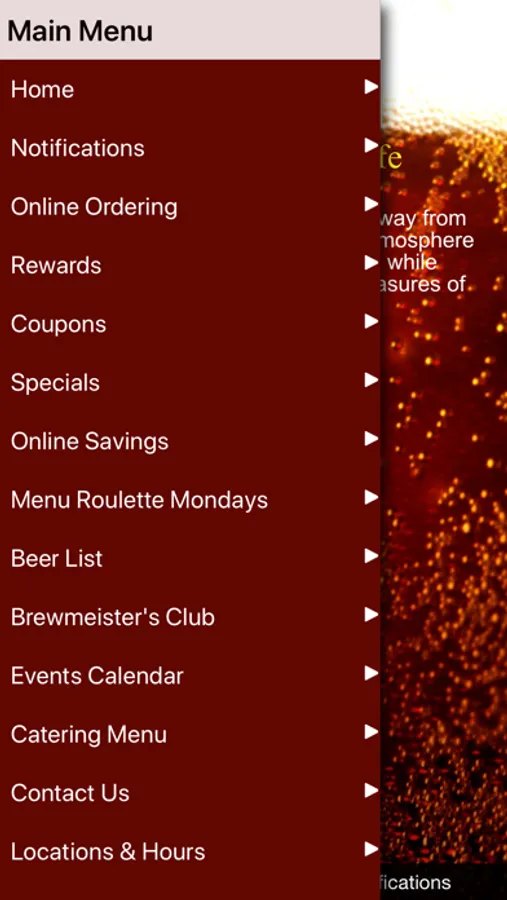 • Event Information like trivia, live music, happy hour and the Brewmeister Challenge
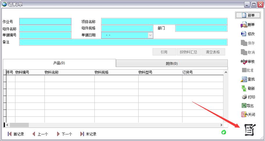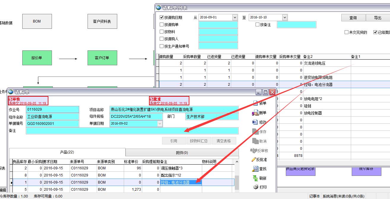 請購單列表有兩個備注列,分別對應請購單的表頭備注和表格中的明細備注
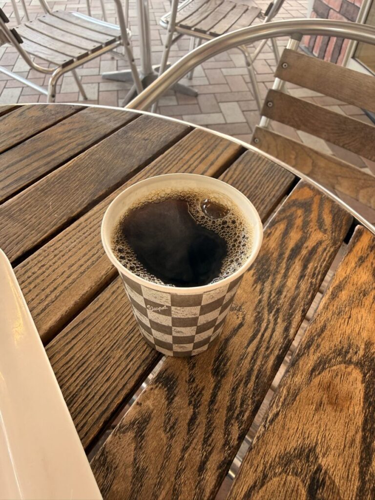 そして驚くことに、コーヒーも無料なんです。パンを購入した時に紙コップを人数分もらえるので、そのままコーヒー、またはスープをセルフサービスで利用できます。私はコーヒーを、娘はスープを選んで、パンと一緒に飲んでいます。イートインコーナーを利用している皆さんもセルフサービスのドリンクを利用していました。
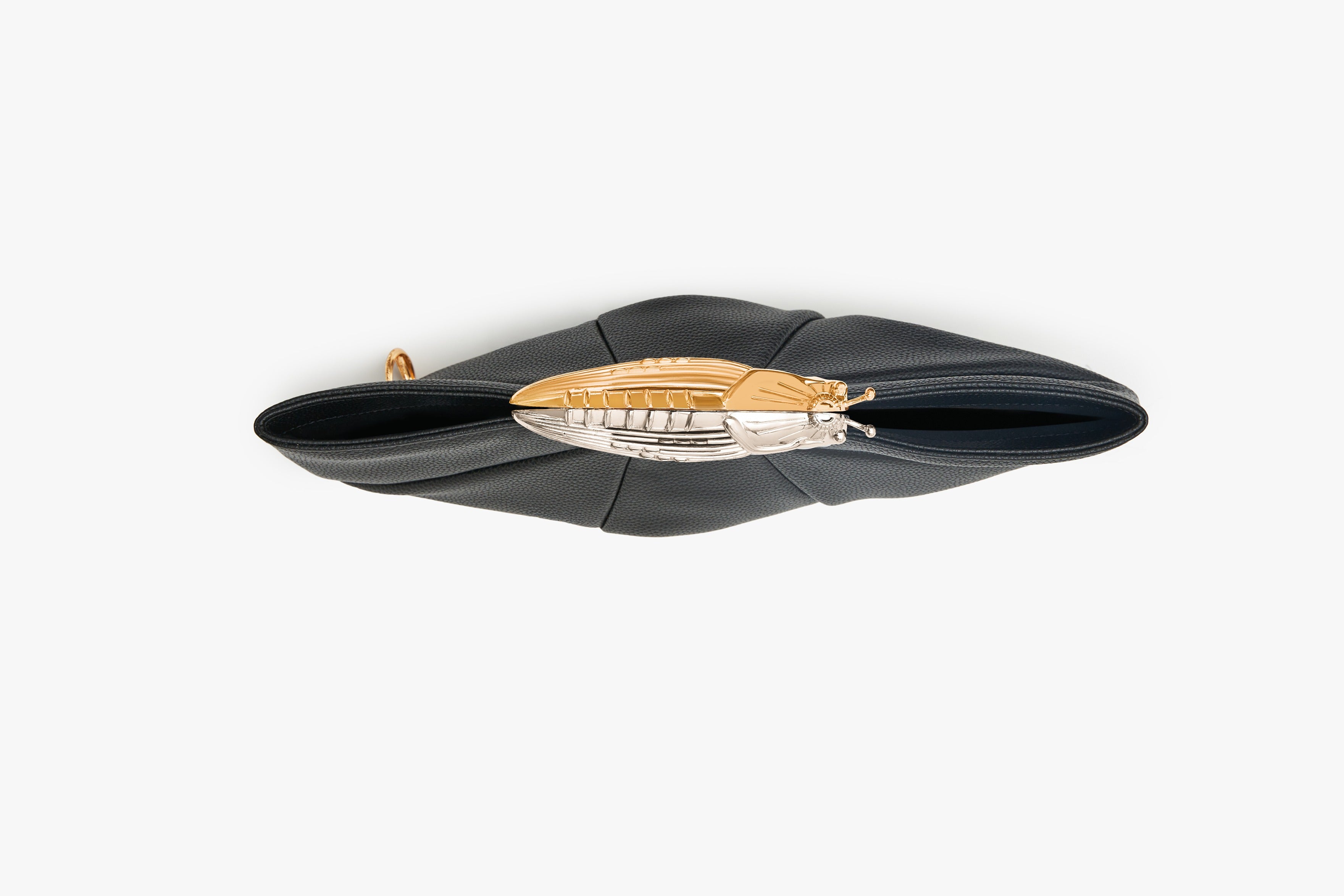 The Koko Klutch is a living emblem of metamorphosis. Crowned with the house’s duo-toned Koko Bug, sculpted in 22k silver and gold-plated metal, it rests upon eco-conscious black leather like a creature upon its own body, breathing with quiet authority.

####################

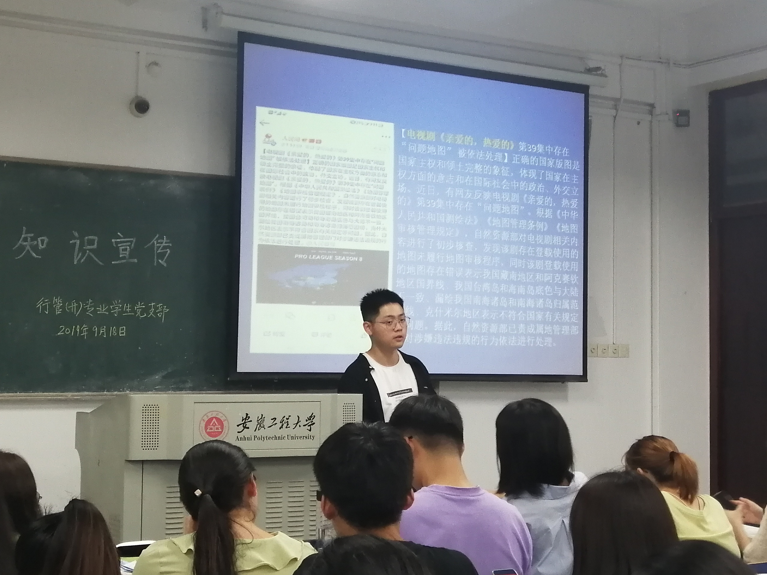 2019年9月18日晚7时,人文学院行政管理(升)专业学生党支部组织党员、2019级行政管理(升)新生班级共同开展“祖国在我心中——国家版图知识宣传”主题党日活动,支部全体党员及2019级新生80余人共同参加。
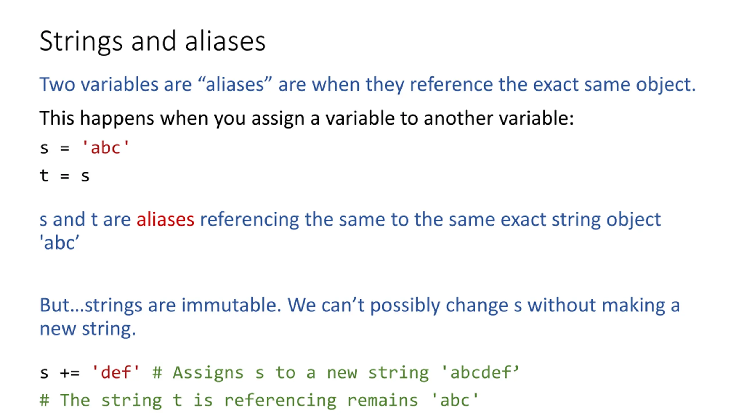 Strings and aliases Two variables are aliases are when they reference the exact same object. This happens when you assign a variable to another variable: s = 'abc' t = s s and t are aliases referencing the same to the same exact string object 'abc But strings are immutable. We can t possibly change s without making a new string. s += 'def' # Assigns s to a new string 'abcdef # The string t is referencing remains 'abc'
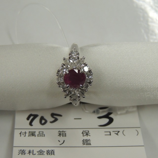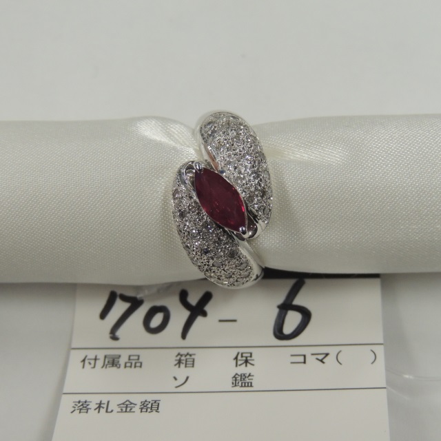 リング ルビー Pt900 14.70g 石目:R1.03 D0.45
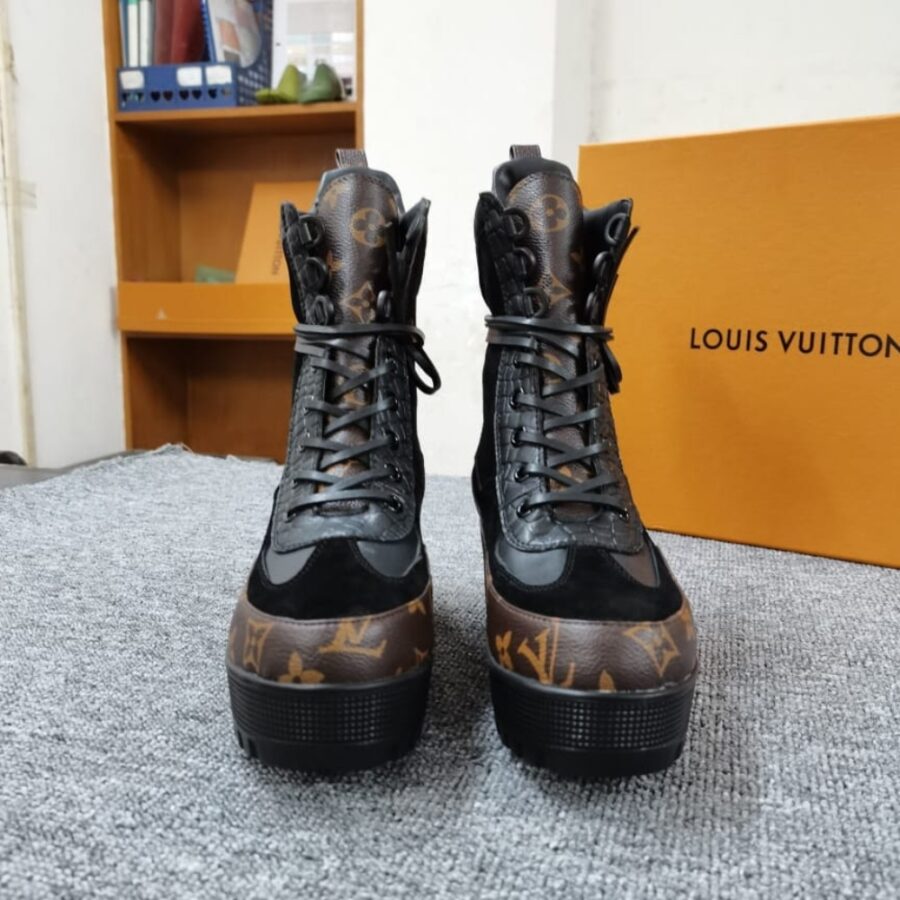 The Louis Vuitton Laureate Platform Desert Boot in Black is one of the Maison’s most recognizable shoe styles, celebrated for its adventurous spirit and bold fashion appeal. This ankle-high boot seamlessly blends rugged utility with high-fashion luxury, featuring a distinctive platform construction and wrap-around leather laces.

####################

WORK TASK: Starting at the line that contains "Strings and aliases" and ending at the line that contains "リング ルビー Pt900 14.70g 石目:R1.03 D0.45", transcribe the material above exactly, excluding pictures.

REPLY:
 Strings and aliases Two variables are aliases are when they reference the exact same object. This happens when you assign a variable to another variable: s = 'abc' t = s s and t are aliases referencing the same to the same exact string object 'abc But strings are immutable. We can t possibly change s without making a new string. s += 'def' # Assigns s to a new string 'abcdef # The string t is referencing remains 'abc'
 リング ルビー Pt900 14.70g 石目:R1.03 D0.45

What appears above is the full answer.